▶ Task to complete:
Look through the data below and extract, unchanged, the lines from the one that contains "This home has" to the one that contains "(연합뉴스 자료사진) |", both included.

▶ Data provided:
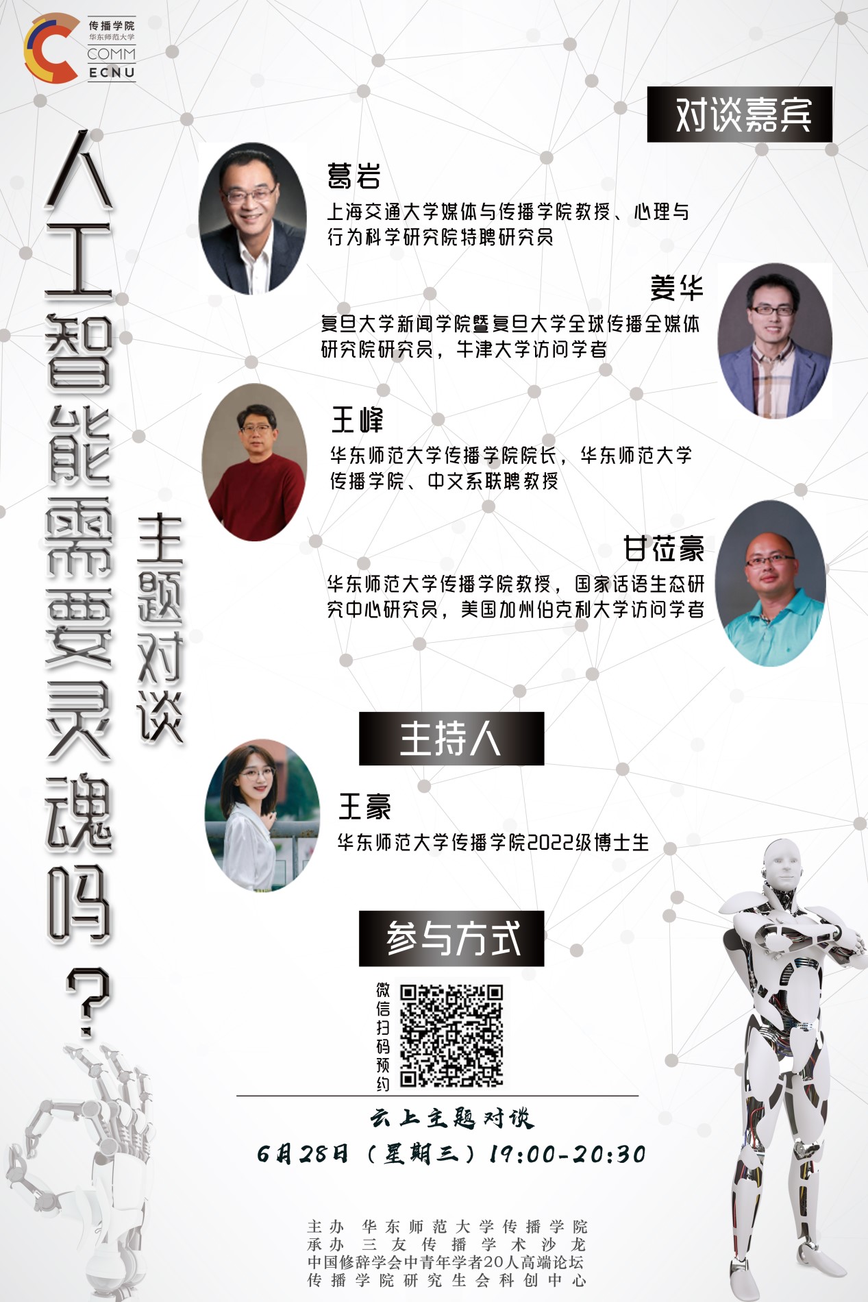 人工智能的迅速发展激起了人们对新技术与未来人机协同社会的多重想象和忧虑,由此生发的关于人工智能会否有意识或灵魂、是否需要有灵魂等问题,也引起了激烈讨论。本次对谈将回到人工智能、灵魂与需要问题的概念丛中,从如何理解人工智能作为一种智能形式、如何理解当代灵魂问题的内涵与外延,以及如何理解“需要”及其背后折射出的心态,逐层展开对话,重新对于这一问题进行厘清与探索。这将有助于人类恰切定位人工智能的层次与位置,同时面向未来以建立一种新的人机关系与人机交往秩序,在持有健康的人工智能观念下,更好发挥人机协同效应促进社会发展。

--

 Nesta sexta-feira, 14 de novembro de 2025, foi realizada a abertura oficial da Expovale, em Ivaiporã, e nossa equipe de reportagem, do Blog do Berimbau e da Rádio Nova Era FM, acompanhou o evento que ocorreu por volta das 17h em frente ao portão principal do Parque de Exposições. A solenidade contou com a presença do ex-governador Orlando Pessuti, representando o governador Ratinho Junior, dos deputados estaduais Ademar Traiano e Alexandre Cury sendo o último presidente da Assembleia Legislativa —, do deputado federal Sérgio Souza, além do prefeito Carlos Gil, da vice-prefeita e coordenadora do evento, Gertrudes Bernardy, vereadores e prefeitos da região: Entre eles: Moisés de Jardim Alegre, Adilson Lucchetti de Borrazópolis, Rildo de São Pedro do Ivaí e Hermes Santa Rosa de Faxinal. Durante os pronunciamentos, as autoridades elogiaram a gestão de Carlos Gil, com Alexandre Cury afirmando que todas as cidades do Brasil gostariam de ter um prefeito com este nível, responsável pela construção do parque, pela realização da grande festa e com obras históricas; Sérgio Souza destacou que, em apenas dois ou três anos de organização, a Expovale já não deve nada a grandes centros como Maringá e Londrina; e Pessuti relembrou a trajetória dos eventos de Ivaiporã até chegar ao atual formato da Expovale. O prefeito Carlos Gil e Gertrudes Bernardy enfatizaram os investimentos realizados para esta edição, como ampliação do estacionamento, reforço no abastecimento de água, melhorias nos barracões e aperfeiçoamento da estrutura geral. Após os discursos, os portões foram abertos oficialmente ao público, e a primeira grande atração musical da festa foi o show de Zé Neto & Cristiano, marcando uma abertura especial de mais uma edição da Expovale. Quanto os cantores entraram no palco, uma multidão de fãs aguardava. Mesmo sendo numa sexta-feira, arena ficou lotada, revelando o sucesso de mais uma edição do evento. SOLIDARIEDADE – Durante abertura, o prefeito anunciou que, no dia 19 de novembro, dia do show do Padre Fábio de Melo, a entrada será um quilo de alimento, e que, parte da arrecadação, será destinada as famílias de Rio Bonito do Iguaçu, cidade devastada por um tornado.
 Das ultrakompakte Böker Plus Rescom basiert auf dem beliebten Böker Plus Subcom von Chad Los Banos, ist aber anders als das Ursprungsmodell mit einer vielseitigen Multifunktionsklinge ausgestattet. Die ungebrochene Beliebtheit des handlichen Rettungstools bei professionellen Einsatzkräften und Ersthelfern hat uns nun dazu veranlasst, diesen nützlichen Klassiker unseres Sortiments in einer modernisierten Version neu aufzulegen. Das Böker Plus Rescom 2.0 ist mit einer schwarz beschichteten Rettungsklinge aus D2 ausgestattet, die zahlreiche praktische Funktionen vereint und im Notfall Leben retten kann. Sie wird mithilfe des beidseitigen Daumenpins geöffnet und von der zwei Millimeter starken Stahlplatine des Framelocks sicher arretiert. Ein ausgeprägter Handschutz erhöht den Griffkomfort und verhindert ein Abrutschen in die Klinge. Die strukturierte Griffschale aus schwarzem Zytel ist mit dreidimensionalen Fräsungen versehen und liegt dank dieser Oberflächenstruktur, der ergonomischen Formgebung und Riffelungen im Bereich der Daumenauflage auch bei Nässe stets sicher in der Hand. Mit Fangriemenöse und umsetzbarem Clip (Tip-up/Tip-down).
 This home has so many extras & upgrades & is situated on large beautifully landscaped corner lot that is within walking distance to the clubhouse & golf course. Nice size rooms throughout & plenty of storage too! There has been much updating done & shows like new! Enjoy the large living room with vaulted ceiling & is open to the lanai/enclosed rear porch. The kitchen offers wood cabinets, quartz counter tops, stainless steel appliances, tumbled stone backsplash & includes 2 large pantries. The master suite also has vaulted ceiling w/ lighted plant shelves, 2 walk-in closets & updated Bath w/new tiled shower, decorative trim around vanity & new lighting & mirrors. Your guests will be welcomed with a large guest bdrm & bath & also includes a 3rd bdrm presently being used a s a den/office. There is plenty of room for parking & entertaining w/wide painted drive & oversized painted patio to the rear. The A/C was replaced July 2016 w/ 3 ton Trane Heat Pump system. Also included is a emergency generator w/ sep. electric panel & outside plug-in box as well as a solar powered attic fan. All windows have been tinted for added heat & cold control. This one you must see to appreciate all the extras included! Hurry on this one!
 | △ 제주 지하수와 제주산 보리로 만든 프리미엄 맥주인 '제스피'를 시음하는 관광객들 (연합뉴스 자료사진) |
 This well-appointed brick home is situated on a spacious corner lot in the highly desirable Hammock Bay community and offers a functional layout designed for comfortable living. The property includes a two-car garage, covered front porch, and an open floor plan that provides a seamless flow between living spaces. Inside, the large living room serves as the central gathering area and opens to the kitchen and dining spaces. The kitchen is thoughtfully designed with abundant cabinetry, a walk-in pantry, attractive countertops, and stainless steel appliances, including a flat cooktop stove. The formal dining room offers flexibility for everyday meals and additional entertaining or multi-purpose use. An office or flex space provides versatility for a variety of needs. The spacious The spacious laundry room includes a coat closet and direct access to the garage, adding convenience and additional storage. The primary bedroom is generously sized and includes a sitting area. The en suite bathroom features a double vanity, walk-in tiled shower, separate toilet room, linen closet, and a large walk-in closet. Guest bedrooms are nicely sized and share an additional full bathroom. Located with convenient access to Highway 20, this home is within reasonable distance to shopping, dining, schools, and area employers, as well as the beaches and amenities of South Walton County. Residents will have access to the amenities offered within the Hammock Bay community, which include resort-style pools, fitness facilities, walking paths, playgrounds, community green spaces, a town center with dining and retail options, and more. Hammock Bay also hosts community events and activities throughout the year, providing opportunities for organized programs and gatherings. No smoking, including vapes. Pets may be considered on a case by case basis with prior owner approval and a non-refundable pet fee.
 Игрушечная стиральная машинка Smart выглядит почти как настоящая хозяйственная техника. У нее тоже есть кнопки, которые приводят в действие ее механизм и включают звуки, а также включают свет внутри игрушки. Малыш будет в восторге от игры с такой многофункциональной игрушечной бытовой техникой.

▶ Task result:
 This home has so many extras & upgrades & is situated on large beautifully landscaped corner lot that is within walking distance to the clubhouse & golf course. Nice size rooms throughout & plenty of storage too! There has been much updating done & shows like new! Enjoy the large living room with vaulted ceiling & is open to the lanai/enclosed rear porch. The kitchen offers wood cabinets, quartz counter tops, stainless steel appliances, tumbled stone backsplash & includes 2 large pantries. The master suite also has vaulted ceiling w/ lighted plant shelves, 2 walk-in closets & updated Bath w/new tiled shower, decorative trim around vanity & new lighting & mirrors. Your guests will be welcomed with a large guest bdrm & bath & also includes a 3rd bdrm presently being used a s a den/office. There is plenty of room for parking & entertaining w/wide painted drive & oversized painted patio to the rear. The A/C was replaced July 2016 w/ 3 ton Trane Heat Pump system. Also included is a emergency generator w/ sep. electric panel & outside plug-in box as well as a solar powered attic fan. All windows have been tinted for added heat & cold control. This one you must see to appreciate all the extras included! Hurry on this one!
 | △ 제주 지하수와 제주산 보리로 만든 프리미엄 맥주인 '제스피'를 시음하는 관광객들 (연합뉴스 자료사진) |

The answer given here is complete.